Svevo abbandona l'impiego in banca e inizia a lavorare nella ditta dei suoceri.Per lui fu un salto di classe
sociale, egli si trovò nel mondo dell’alta borghesia, e da intellettuale si trasformò in dirigente
d’industria. Viaggiò molto in Francia e in Inghilterra.
Nel 1898 pubblica il suo secondo romanzo “Senilità”. Ma a seguito dell’insuccesso del romanzo decise
di lasciare l’attività letteraria. In realtà Svevo non prese mai seriamente l’idea di abbandonare la
scrittura. Infatti vi furono due incontri che lo portarono a cambiare idea: quello con James Joyce e
quella con la psicoanalisi. Nel periodo in cui Joyce insegnava a Trieste, Svevo prese lezioni di inglese da
lui e fra i due nacque una grande amicizia. Joyce sottopose a Svevo le sue poesie e i suoi racconti e
Svevo fece leggere a Joyce i due romanzi pubblicati. L’altro evento fu l’incontro con la psicoanalisi che
avvenne verso il 1910: il cognato aveva sostenuto una terapia a Vienna con Freud e così Svevo ebbe
l’opportunità di entrare in contatto con le teorie psicoanalitiche.
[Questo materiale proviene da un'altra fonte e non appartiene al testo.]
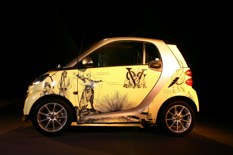 出自台灣本土的塗鴉藝術家Bbrother之手的smart fortwo彩繪車,車身以大膽鮮明的黃色為主體,搭配銀色tridion安全車架,圖案畫作名稱則為「水牛戰士Buffalo Soldier」與「給魯迪的信A Massage to You Rudy」,主題在闡述英國光榮革命與時尚工業的歷史,以及殖民歷史與歐洲織品泛非洲主義的關聯。Bbrother的塗鴉風格強調影像與地緣的關係,使影像入侵城市環境變成一種「事件」,一種對空間權力關係的錯置與干擾,老照片中的人物、歷史故事中的角色、社區、廢墟、都會邊緣場所,都可以轉化成時尚語言,成為他創作的靈感素材。Bbrother塗鴉作品包覆在smart fortwo車身上,賦予「藝術X時尚」新的生命力。
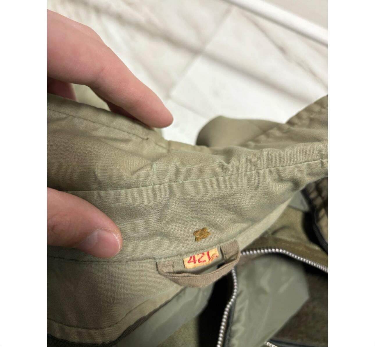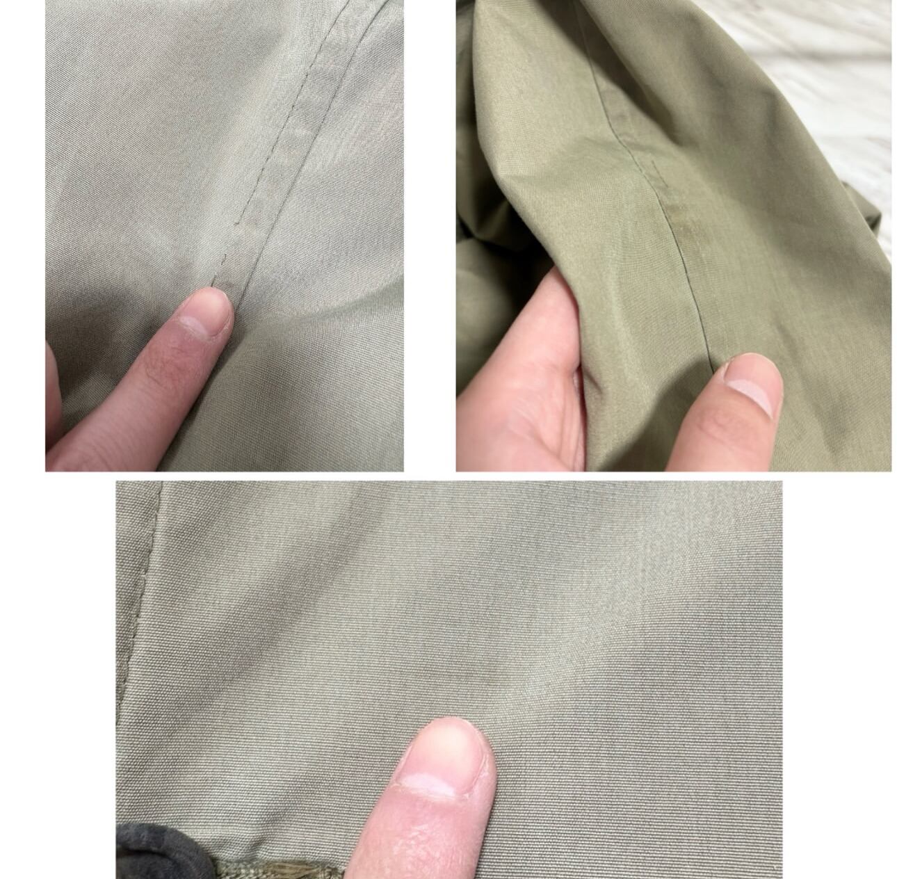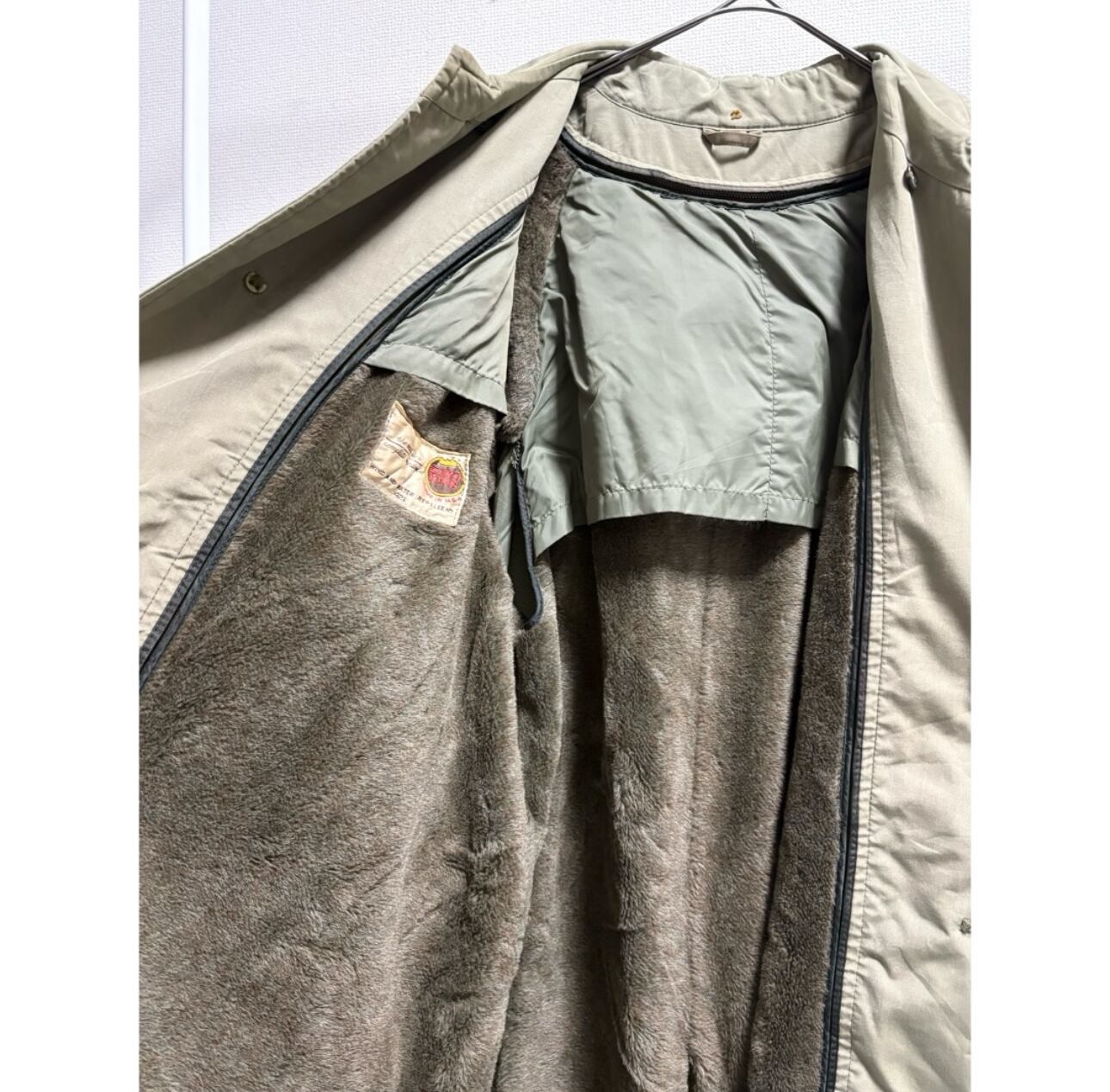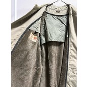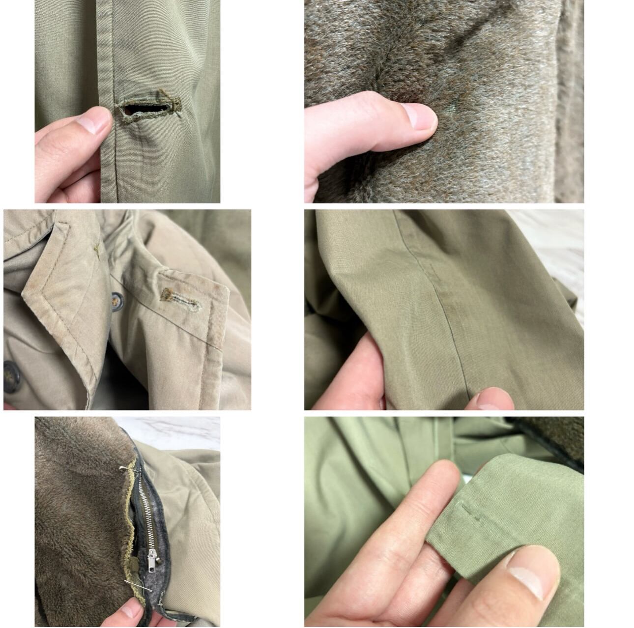 アームシーム、襟裏、裾、に少し茶ばみ その他茶ばみ部分はありますが、そこまで気になる様なダメージ汚れはありません 袖先少しだけ擦れ インナーのチャック部分の再度裾にダメージがあるのでクリップで留めてあります

L’occasione definitiva che lo fece
ricominciare a scrivere avvenne quando scoppiò la Prima Guerra Mondiale, poiché la fabbrica dei
suoceri venne requisita per ordine delle autorità austriache, così Svevo riprese l'attività letteraria.
Nel 1919 iniziò a scrivere il suo terzo romanzo “La coscienza di Zeno” ma quando venne pubblicato nel
1923 l’opera non riscontrò alcun successo. Così svevo decise di spedire a Parigi all’amico Joyce il
romanzo il quale lo fece leggere agli intellettuali francesi del tempo. Svevo ottenne una grande fama in
Francia e in Europa.
Nel 1928 Svevo muore in seguito ad un incidente d'auto vicino Treviso.

La cultura di Svevo
Nell’opera di Svevo si scorgono i riflessi di una vasta cultura filosofica, scientifica e letteraria:
• Ambito filosofico e scientifico:
◦ Schopenhauer → affermava un pessimismo radicale, indicando come unica via di salvezza
dal dolore la rinuncia alla volontà di vivere
◦ Nietzsche → sosteneva l’idea del soggetto come una pluralità di stati in fluido divenire
◦ Darwin → riteneva che il comportamento umano fosse il prodotto di leggi naturali
◦ Marx → sosteneva che il comportamento umano è influenzato dai rapporti sociali
◦ Freud e la psicoanalisi → non apprezzò la psicoanalisi come terapia, che permette di
guarire il malato di nevrosi, ma come strumento per poter indagare la realtà psichica.
• Ambito letterario:
◦ grandi romanzieri realisti francesi dell’Ottocento, Balzac, Stendhal e Flaubert: infatti il
Bovarismo è un aspetto che caratterizza gli eroi dei suoi primi due romanzi
◦ naturalisti francesi, soprattutto da Zola e si può notare nel primo romanzo
◦ romanzieri russi → Turgheniev e Dostoievskij
◦ umoristi inglesi fra i quali Dickens.

Struttura dei romanzi


Svevo nel romanzo presenta per la prima volta la figura centrale dei suoi romanzi. L’inetto è una
persona incapace di agire e di vivere con gli altri, che sfugge alla realtà perché non la sa affrontare, è
inadatto alla vita, non riesce a raggiungere i propri obiettivi ed è paralizzato nel momento della scelta. È
un uomo che non è completo, è un abbozzo.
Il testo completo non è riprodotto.